Because the active sites of PPPs, especially PP1 and PP2A, are so similar, there are often only very small differences in the ability of these toxins to inhibit PPP activity. Okadaic acid has the largest difference in IC50 between PP2A and PP1, with the IC50 of PP1>PP2A. Thus okadaic acid is often used as a reagent to selectively inhibit PP2A in cell biological studies. The molecular basis of this difference is subtle. The crystal structures of the PP1 [34] and PP2A [27] bound to okadaic acid (PDBs 1JK7 and 2IE4) showed that the toxin:PP1/PP2A interactions are largely conserved between the two complexes. The most significant difference was the position of α7-α8 loop, which, in PP2A, was closed about okadaic acid while in PP1 it was open, and thus ~4-5 Å further away. Thus, okadaic acid appears to binds slightly more deeply into the hydrophobic groove in PP2A and this likely explains why it inhibits PP2A activity more effectively than that of PP1.

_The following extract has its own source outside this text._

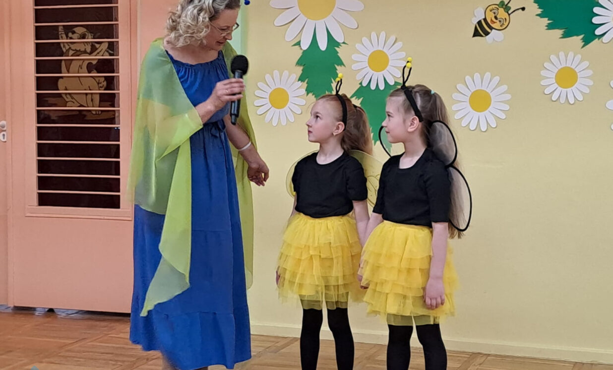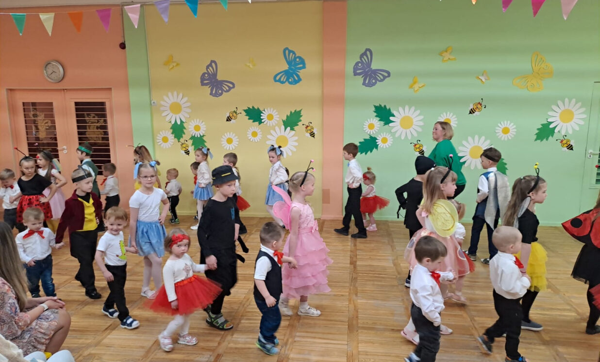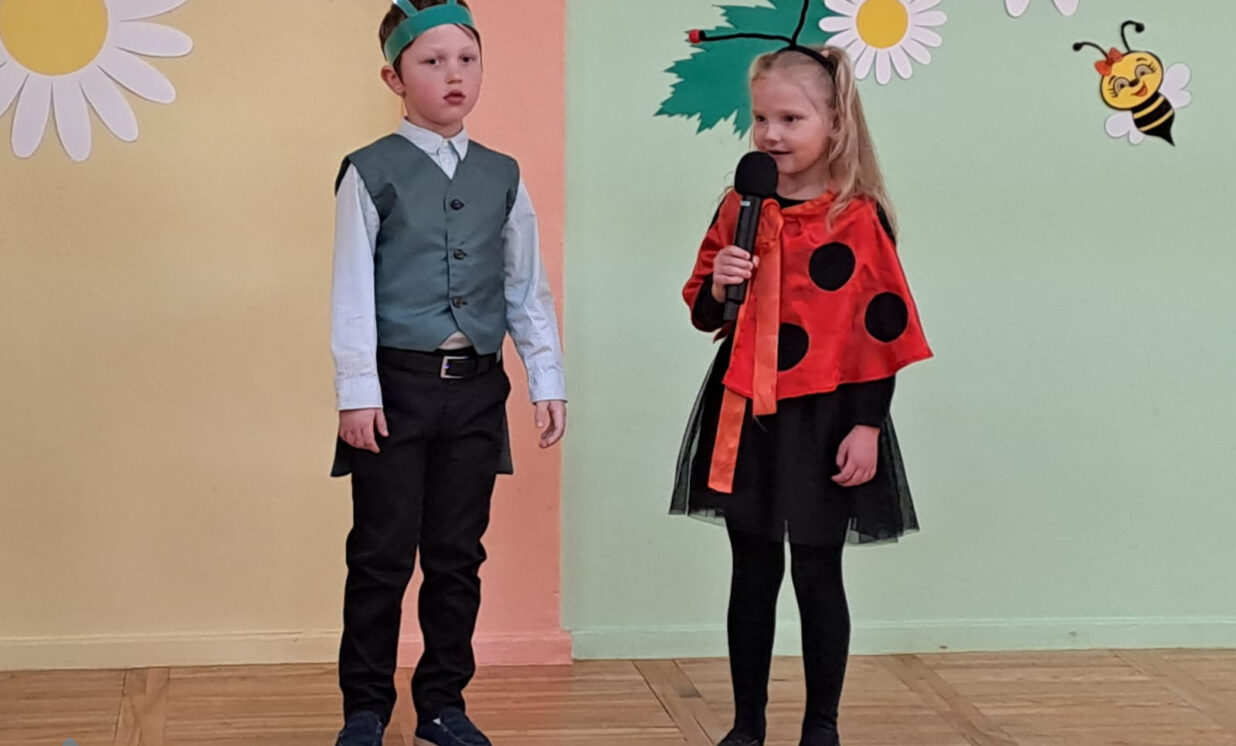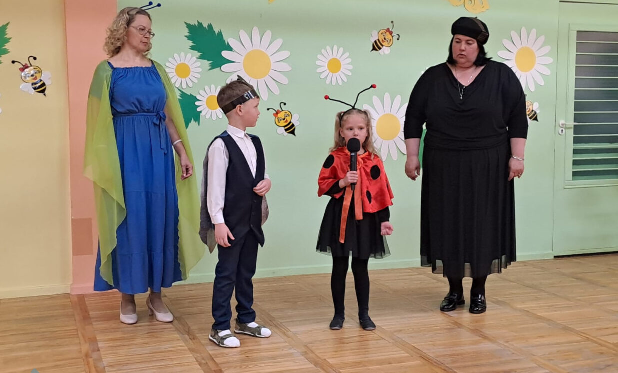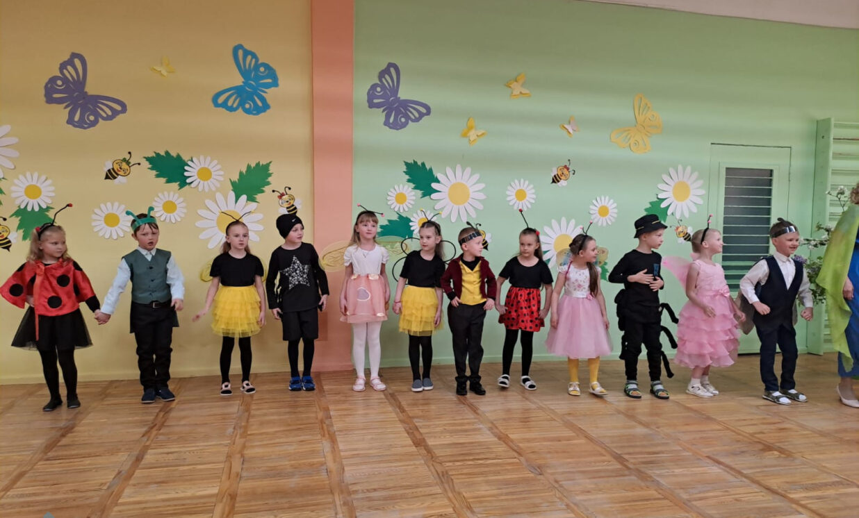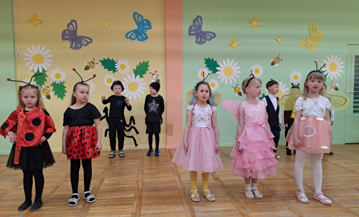 Ziedu pļavā notika pavasara atnākšanas ballīte! Mazie kukainīši („Zaķēnu” grupas bērni) un Spārīte (skolotāja Vita Kraukle) dejoja jautro kukaiņu deju. Ieklausoties mūzikas skaņās, ballīti apciemoja Zirneklītis (skolotāja Dace Krievāne). Zirneklītis atgādināja saviem draugiem par mīļākajiem un saulainākajiem pavasara svētkiem – Māmiņu dienu! Un tad katras grupiņas bērni sveica mammas ar dziesmām, dejām un dzejoļiem. Protams, vēlēja, lai māmiņām būtu vairāk brīvā laika, katru dienu apsolīja dāvāt bučas un apskāvienus, apsolīja palutināt māmiņas ar gardām sviestmaizēm un aromātisku kafiju, cienāt ar veselīgu medu un vēl daudz ko citu! Liels paldies visām grupu skolotājām, kuras bija īpaši pacentušās, pieskaņojot bērnu tērpus priekšnesuma tēmai.

While most toxins inhibit PP2A and PP1 with nearly equivalent IC50 values, all toxins have a significantly decreased (1000-10000 fold) IC50’s for PP2B/Calcineurin, despite all three PPPs having nearly identical residues and structures at their active sites. One potential explanation for this difference in inhibition susceptibility is the nature of the metals bound in the active site (Mn2+ for PP1 expressed in E. coli, Mn2+ for PP2A expressed in insect cells and Fe/Zn for calcineurin expressed in E. coli; the identity of the endogenous metals in PP1 is still unknown). A second explanation is the differences in sequence between the proteins in regions outside the metal binding residues. To this end, kinetic and crystallographic studies revealed a role for the Cys273 in toxin binding by PP1. Specifically, mutation of Cys273 to Ala, Ser or Leu (the corresponding residue in PP2B) results in an 11-20-fold increase in the IC50 values for microcystin-LR toxin inhibition of PP1 [36, 37].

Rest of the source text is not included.